# Ban Request *Thoughts*



## Mun (Jul 8, 2014)

Their is a few individuals on this forum whom are by far too young and inexperienced to be running a host. It is of my opinion that these individuals should be banned for the safety of this community, and the guests of this community. By allowing these individuals a method of interaction, we are garnering greater and greater risk for damage to happen. This could be in the form of leaked data, spying, and the possibility of many other damages. These individuals come and post on this and other like forums asking basic questions to fix their own problems, thus showing they have a lack of experience and ability to problem solve their issues. What happens in the event of an emergency?

Banning these individuals would first and foremost remove their avenue of access to clients via a centralized location. Second, this would protect the readers of this forum from being taken advantage of by these individuals.

The point of this post is to request the admins to reconsider the individuals of this forum that come to mind via the above, and ban them if no reasonable improvement is seen.

Mun


----------



## drmike (Jul 8, 2014)

I am mega blah about bans... Cause long ago, most of us were probably ban worthy for lack of knowledge.... Live and learn.

I frequently whine about the underagers who aren't legal to be running such a business anywhere. But I stop short of banning or anything too heavy.
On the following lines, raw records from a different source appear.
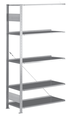 Anbauregal mit 1 Ständerrahmen, Diagonalverstrebungen und Ebenen gem. Angebot
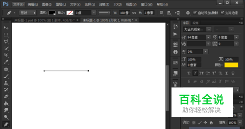 打开Photoshop CS6,选择【钢笔】工具,确定“工具模式”为【形状】,单击一个点后,再次单击,绘制直线。
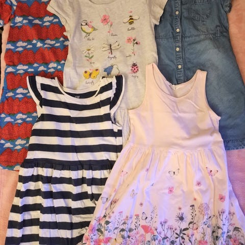 Myynnissä lastenvaatteita koossa 98-116 sekä naisten vaatteita koossa M-L, asusteita ja lasten kenkiä.
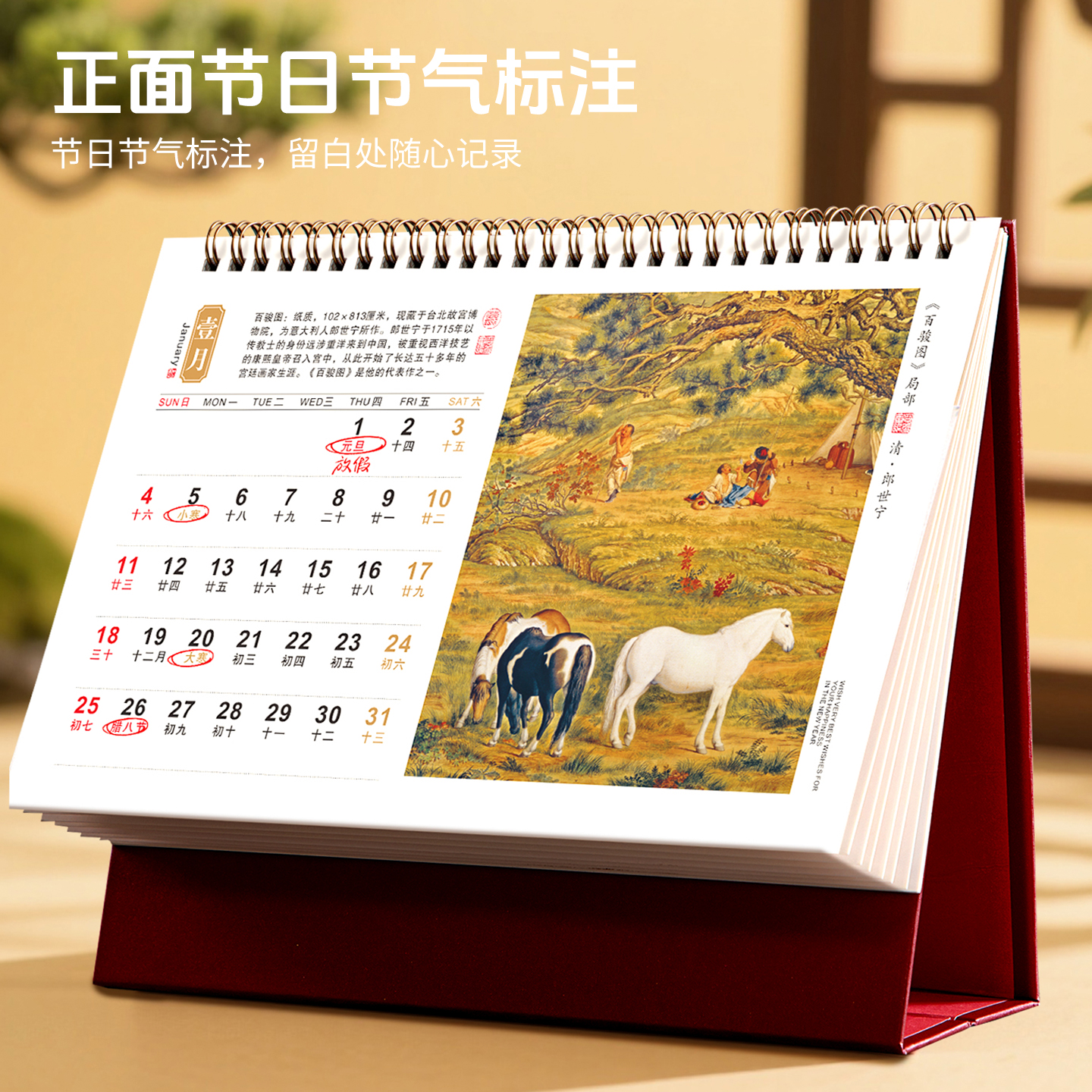 2026年台历全年新款定制广告位可印logo商务桌面摆件办公计划记事日历本翻页月历高颜值简约马年自律打卡台历
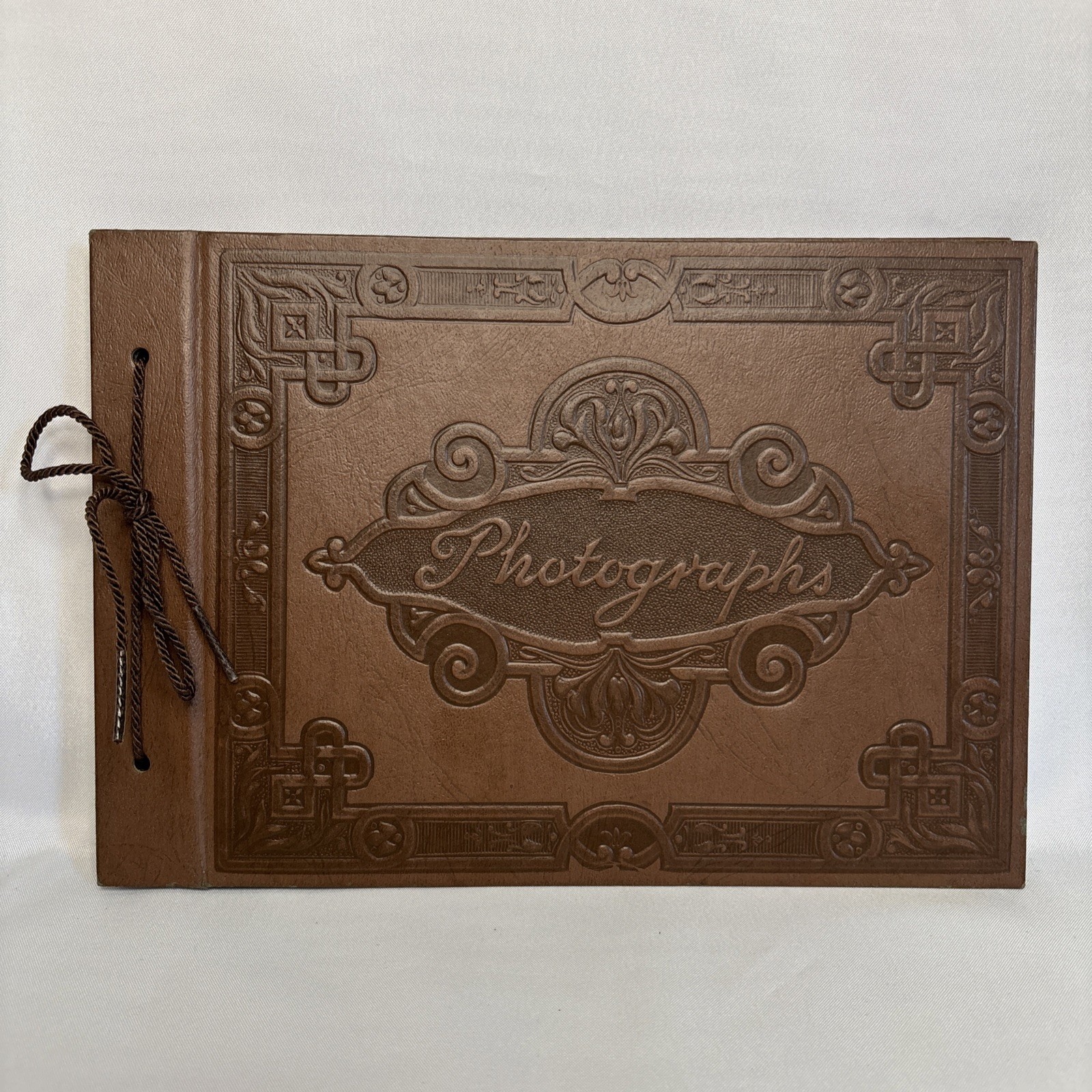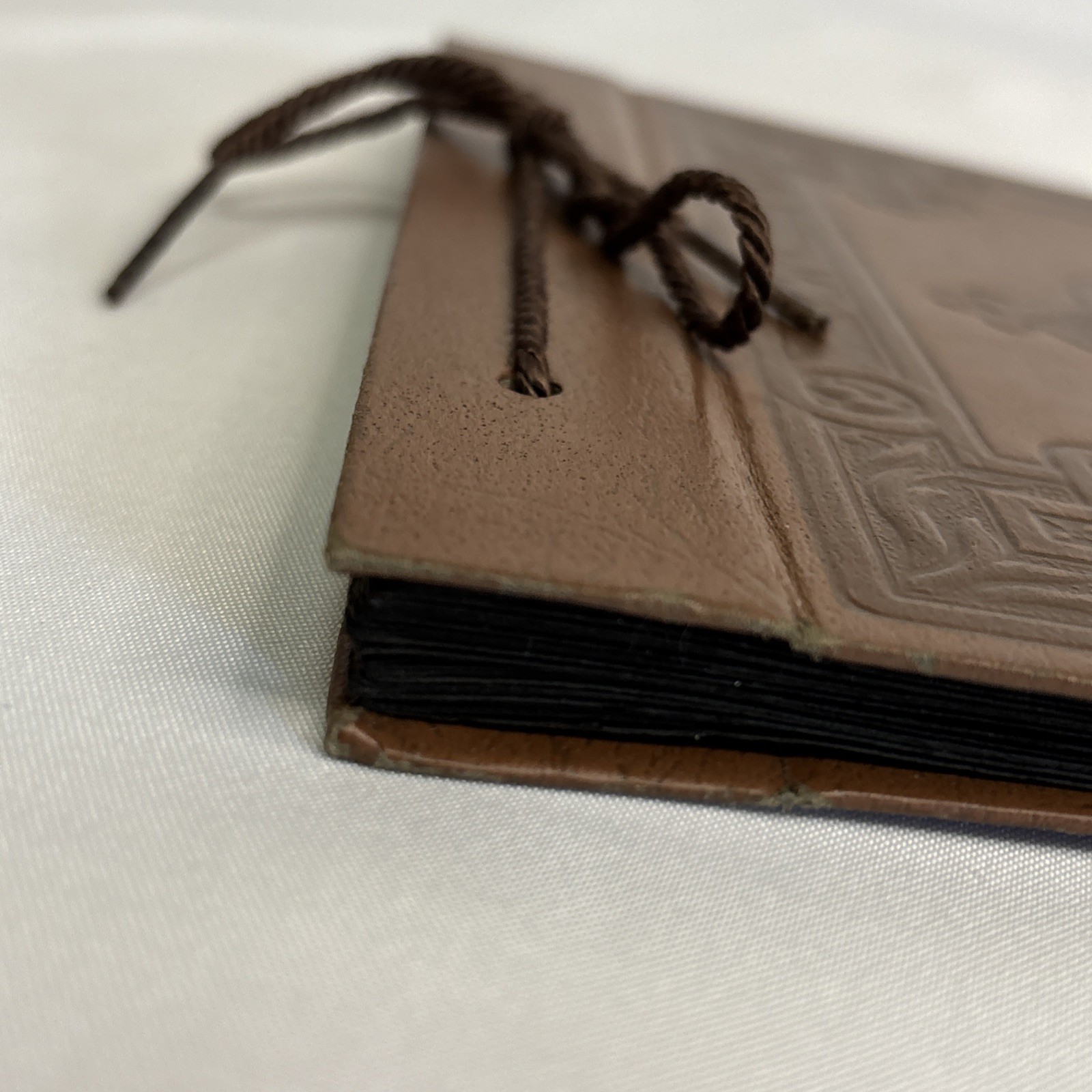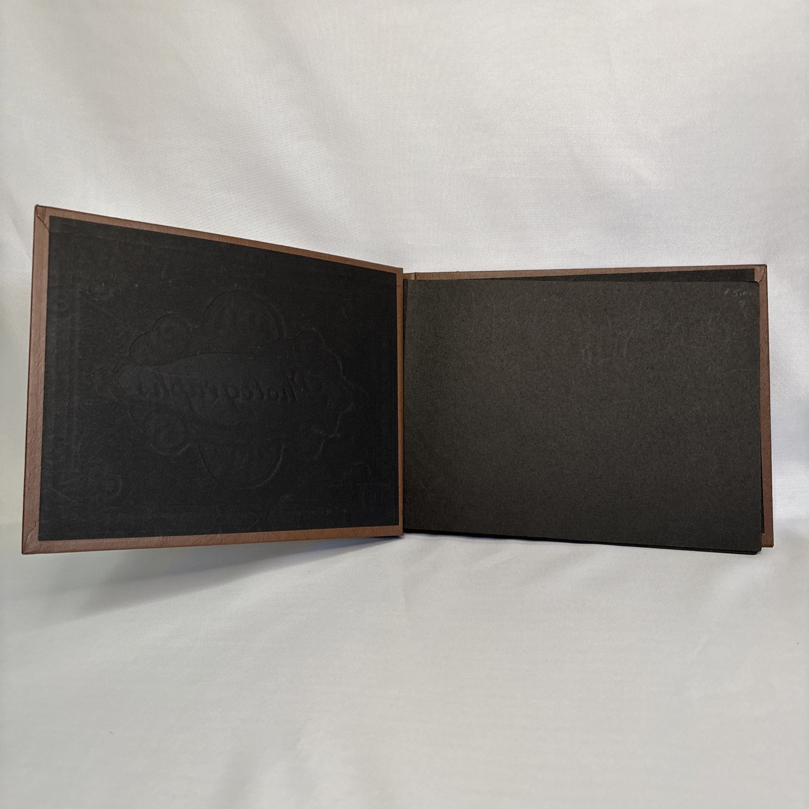 Vintage Handmade Photo Album Brown Leather Carved Cover 15 Black Photo Pages

On the other hand, we have moderators and random acts to police, edit, revise posts from time to time.... So it's not  just a conduit here..  With such actions comes inferred liability.  An endorsement of who and what within, especially for those engaging in selling products.

I recall a WHT thread just yesterday about a like-named VPS company who had failed to deliver someones VPS (maybe multiple people deprived post payment).  In that the OP said 'I found the company on LEB and assumed the company to be legitimate'.   Which in practice sounds right and should be true basis for some trust (it use to mean something).

However, as we all know, policing of bad actors, the socially irresponsible and sociopaths doesn't happen, outside of censorship bans (which vpsB RARELY has done).

Big picture, vpsB has had some failed companies in our hallways and some questionable mergers and acquisitions of VPS offering companies.  I don't think we've had anyone say they didn't receive their product.   Nor do I think we have promoted any company with mass know-how deficiency that led to hack, compromise, disclosure of customer info, etc.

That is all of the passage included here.